_WHAT TO WORK ON:_ Please restate the data exactly, from the first line to the last.

_DATA BELOW:_
◆ ◆ ◆
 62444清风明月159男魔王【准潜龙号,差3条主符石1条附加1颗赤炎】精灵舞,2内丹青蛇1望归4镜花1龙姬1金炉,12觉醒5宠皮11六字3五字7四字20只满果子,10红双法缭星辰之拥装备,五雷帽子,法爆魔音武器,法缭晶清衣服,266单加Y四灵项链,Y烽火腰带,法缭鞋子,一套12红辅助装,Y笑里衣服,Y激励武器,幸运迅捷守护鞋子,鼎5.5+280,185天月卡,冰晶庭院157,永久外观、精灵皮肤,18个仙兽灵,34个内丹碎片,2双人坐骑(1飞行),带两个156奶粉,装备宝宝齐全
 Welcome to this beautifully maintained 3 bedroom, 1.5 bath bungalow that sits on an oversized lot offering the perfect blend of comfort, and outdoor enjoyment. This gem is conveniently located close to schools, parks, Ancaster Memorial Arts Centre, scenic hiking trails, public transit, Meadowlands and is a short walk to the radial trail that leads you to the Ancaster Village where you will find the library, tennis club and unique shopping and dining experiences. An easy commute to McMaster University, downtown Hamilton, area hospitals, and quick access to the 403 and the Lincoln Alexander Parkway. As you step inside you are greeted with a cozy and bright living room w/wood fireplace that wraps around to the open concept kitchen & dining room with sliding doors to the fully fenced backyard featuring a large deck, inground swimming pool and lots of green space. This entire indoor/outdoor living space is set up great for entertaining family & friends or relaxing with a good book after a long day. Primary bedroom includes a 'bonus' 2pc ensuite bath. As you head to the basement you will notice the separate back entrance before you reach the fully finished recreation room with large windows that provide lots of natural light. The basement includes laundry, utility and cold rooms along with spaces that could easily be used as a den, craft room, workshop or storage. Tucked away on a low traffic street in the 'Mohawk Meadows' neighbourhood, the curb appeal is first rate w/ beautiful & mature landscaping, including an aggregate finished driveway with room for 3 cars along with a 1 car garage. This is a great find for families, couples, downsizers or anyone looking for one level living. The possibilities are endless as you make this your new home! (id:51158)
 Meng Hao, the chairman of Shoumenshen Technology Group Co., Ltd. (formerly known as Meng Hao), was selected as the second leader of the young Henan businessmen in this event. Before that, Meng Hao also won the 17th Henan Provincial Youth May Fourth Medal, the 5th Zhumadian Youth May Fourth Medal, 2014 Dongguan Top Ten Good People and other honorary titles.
◆ ◆ ◆
_RESPONSE BELOW:_
 62444清风明月159男魔王【准潜龙号,差3条主符石1条附加1颗赤炎】精灵舞,2内丹青蛇1望归4镜花1龙姬1金炉,12觉醒5宠皮11六字3五字7四字20只满果子,10红双法缭星辰之拥装备,五雷帽子,法爆魔音武器,法缭晶清衣服,266单加Y四灵项链,Y烽火腰带,法缭鞋子,一套12红辅助装,Y笑里衣服,Y激励武器,幸运迅捷守护鞋子,鼎5.5+280,185天月卡,冰晶庭院157,永久外观、精灵皮肤,18个仙兽灵,34个内丹碎片,2双人坐骑(1飞行),带两个156奶粉,装备宝宝齐全
 Welcome to this beautifully maintained 3 bedroom, 1.5 bath bungalow that sits on an oversized lot offering the perfect blend of comfort, and outdoor enjoyment. This gem is conveniently located close to schools, parks, Ancaster Memorial Arts Centre, scenic hiking trails, public transit, Meadowlands and is a short walk to the radial trail that leads you to the Ancaster Village where you will find the library, tennis club and unique shopping and dining experiences. An easy commute to McMaster University, downtown Hamilton, area hospitals, and quick access to the 403 and the Lincoln Alexander Parkway. As you step inside you are greeted with a cozy and bright living room w/wood fireplace that wraps around to the open concept kitchen & dining room with sliding doors to the fully fenced backyard featuring a large deck, inground swimming pool and lots of green space. This entire indoor/outdoor living space is set up great for entertaining family & friends or relaxing with a good book after a long day. Primary bedroom includes a 'bonus' 2pc ensuite bath. As you head to the basement you will notice the separate back entrance before you reach the fully finished recreation room with large windows that provide lots of natural light. The basement includes laundry, utility and cold rooms along with spaces that could easily be used as a den, craft room, workshop or storage. Tucked away on a low traffic street in the 'Mohawk Meadows' neighbourhood, the curb appeal is first rate w/ beautiful & mature landscaping, including an aggregate finished driveway with room for 3 cars along with a 1 car garage. This is a great find for families, couples, downsizers or anyone looking for one level living. The possibilities are endless as you make this your new home! (id:51158)
 Meng Hao, the chairman of Shoumenshen Technology Group Co., Ltd. (formerly known as Meng Hao), was selected as the second leader of the young Henan businessmen in this event. Before that, Meng Hao also won the 17th Henan Provincial Youth May Fourth Medal, the 5th Zhumadian Youth May Fourth Medal, 2014 Dongguan Top Ten Good People and other honorary titles.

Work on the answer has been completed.